Прежде всего, нам надо представить образ Зилова таким, каким рисует его Вампилов, а не как трактуют множественные толкователи. А трактуют они – диаметрально… У одних Зилов – борец, по словам того же В. Владимирцева, «оказавшийся в своей внутренней мощи Человеком с большой буквы, духовной надеждой Вампилова, а «зиловщина» – не пороком, а достоинством». Здесь, правда, профессор несколько утрирует.

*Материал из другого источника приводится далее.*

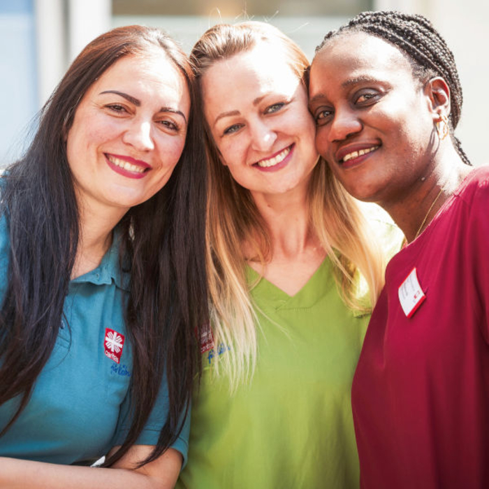 Die Caritas für die Stadt Köln hat sich gegen die Sichtbarmachung von Funktionen über Farben entschieden. "Wir arbeiten gemeinsam im Team, sind unterschiedliche Menschen mit unterschiedlichen Professionen – und wir sind alle gleichermaßen für unsere Bewohnenden da. Das wollen wir auch mit unserem bunten Farbkonzept zum Ausdruck bringen. Alle dürfen so sein, wie sie sind. Eine funktionelle Pflege mit klarer Trennung sehen wir eher im Bereich der Krankenhäuser", meint Toups.
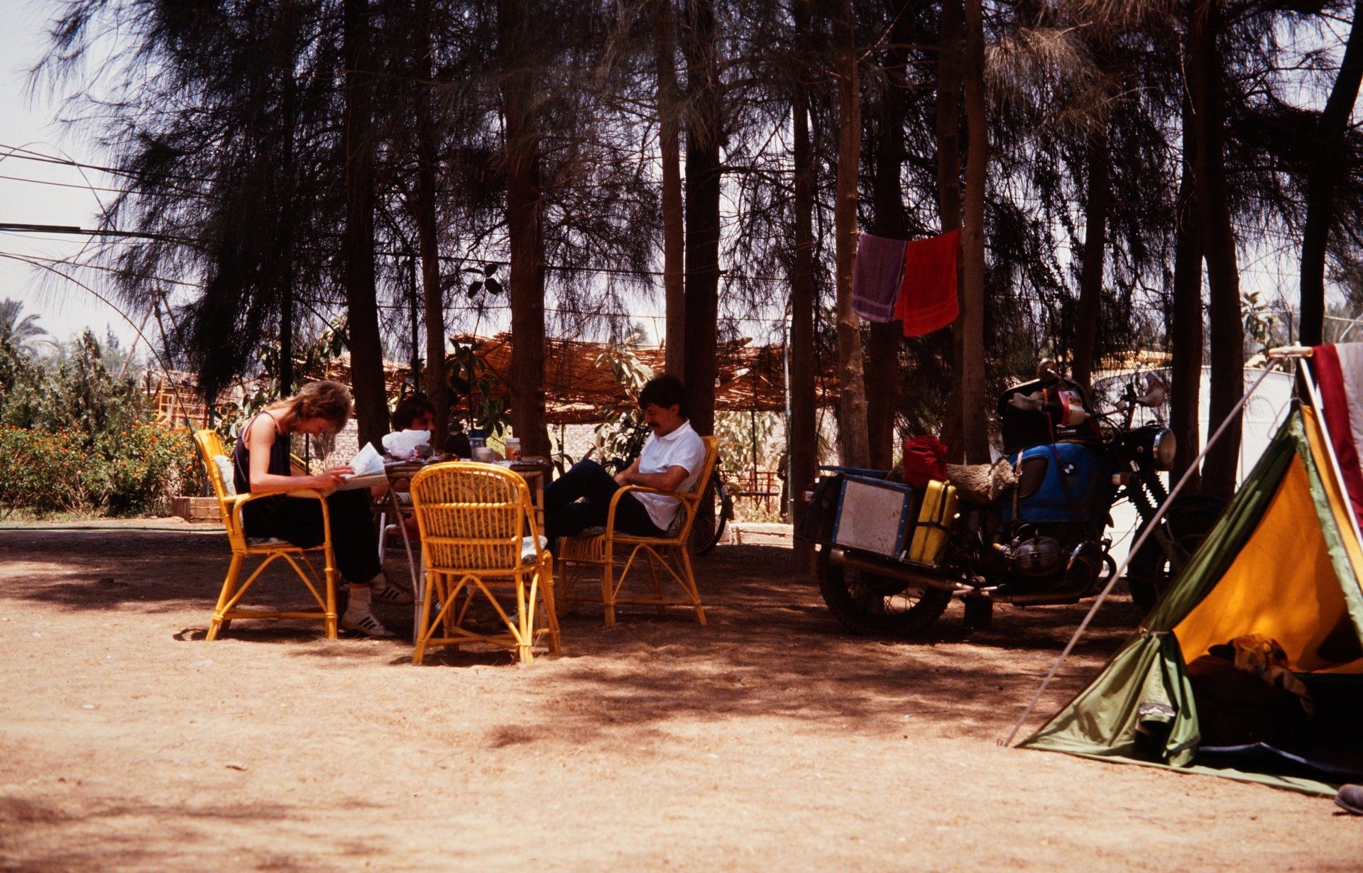 Auf dem Platz steht eine weitere BMW aus Bremen alleine vor einem Zelt, abends kommt der Besitzer genervt mit dem Taxi an. Seine Lichtmaschine ist durchgeschmort und er kämpft seit einer Woche mit dem ADAC und dem ägyptischen Zoll. Erst wollte der ADAC das Ersatzteil nur nach schriftlicher Bestätigung einer Fachwerkstatt schicken, dann haben sie es geschickt, aber nicht mit den richtigen Zollerklärungen, nun liegt seine Lichtmaschine sicher verpackt beim Zoll am Flughafen von Kairo und er darf sie nur abholen, wenn er ca. 1.000 £ zum Staatskurs Einfuhrzoll bezahlt, also fast 900 DM. Dreimal mehr als das Ding in Deutschland kostet. Heute hat er aber mit dem Boss des Flughafenzolls aushandeln können, dass er die Lichtmaschine zu seinem Carnet de Passage hinzufügen kann. Der Zoll also nur fällig wird, wenn er das Motorrad in Ägypten lässt. Eigentlich wäre der ADAC für den zollfreien Versand zuständig gewesen. Aber scheinbar fehlte in München die Zeit oder die Energie sich um solche Details zu kümmern.

Для других – это подонок, спивающийся аморальный тип. Отбросим ультракрайние суждения и прислушаемся к мнению «квалифицированного большинства». Несмотря на разброд суждений, это большинство сходится во мнении, что Зилов – чуждое явление, «нерядовая личность, спустившая себя по пустякам» (В. Распутин), он, «признав тяжесть вины и приняв в душу свою тяжесть этой вины… приговорил себя к смерти» (Е. Стрельцова, «Плен «Утиной охоты»). Одним словом, загнал себя в тупик, из которого только один выход – на тот свет. Ему инкриминируются совершенно конкретные прегрешения, очень чётко обозначенные автором, вот их перечень: наплевательское отношение к работе, отцу – «хреновый сын» (по собственному признанию), нерадивый отец – неродившемуся ребёнку, ловелас и врун, вынудивший жену уехать, «зацикленный на алкоголе неврастеник» (Н. Коноплёв).





А теперь посмотрим, как в тексте выглядят эти ужастики, за которые единственная расплата – смерть. Что касается зацикленности на алкоголе, то, скорее всего, он бы хотел зациклиться, что и пытается делать, но до настоящего алкоголика ему далеко, и зря его нарекают чужеродным нашему обществу явлением – напротив, уж в этом качестве у него с гущей народа полнейший ажур. Точно так же, как и «на трудовом фронте», где он нисколько не хуже других, а был даже лучше, кстати, квартирой поощрён раньше Саяпиных. Если к сказанному присовокупить, что автор рисует всю эту контору в саркастических тонах и что тот же Саяпин действует с нашим обвиняемым совершенно синхронно, (а больше там никого нет) – и уж если ставить к стенке по этому поводу Зилова, то никак не одного.

Внешне грозным выглядит обвинение против Зилова по поводу ненадлежащего отношения к отцу, которого он четыре года не навещал из-за синдрома утиной охоты. Однако связи с предками не терял в отличие от многих из нас, которые забросили даже близ живущих родичей – что, к слову, имеет массовый характер и поныне, но никто стреляться по такому поводу не помышляет.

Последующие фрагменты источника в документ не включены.